• **Exercise prompt**
Only one stretch of the listing below is wanted. Begin at the line that has "Hiện trường những", stop after the line that has "2歳児 クレパスの上から絵の具で塗ると・・・", and repeat every line in between exactly.

• **Data records**
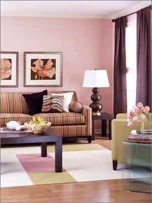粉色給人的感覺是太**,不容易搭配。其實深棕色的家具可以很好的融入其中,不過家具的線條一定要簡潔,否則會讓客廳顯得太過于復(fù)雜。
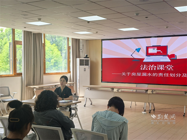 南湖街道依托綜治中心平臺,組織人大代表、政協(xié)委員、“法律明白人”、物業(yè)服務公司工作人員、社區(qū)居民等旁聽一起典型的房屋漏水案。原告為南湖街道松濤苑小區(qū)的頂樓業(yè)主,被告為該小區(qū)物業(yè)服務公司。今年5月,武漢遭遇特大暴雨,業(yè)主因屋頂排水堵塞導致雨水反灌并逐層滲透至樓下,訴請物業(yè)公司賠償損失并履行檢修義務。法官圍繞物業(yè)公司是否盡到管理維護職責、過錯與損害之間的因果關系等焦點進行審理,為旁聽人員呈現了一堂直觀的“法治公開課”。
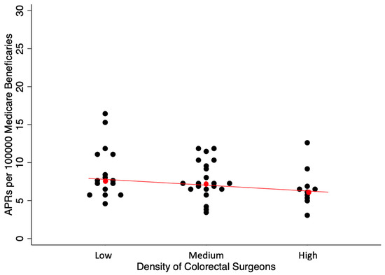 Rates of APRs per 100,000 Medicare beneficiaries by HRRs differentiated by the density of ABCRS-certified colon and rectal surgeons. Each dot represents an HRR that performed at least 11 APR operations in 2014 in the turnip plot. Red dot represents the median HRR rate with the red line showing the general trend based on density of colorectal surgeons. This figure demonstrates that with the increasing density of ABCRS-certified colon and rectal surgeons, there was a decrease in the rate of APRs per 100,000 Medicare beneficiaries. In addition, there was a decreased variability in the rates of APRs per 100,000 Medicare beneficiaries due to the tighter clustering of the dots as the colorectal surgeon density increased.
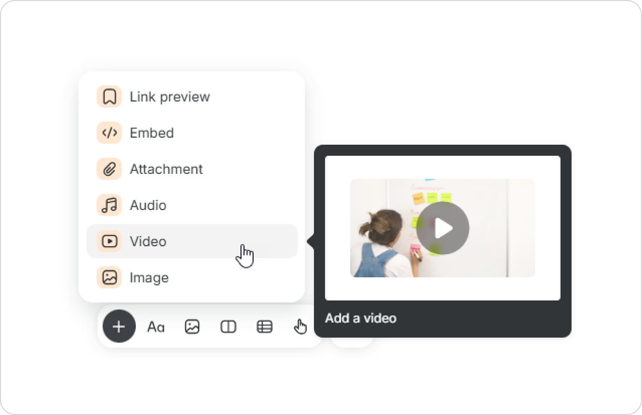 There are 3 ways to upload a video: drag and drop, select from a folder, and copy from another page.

...

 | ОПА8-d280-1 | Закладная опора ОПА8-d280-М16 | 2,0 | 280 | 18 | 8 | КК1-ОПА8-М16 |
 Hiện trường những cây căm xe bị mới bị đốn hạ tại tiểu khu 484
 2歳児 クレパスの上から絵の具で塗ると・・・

• **Expected answer**
 Hiện trường những cây căm xe bị mới bị đốn hạ tại tiểu khu 484
 2歳児 クレパスの上から絵の具で塗ると・・・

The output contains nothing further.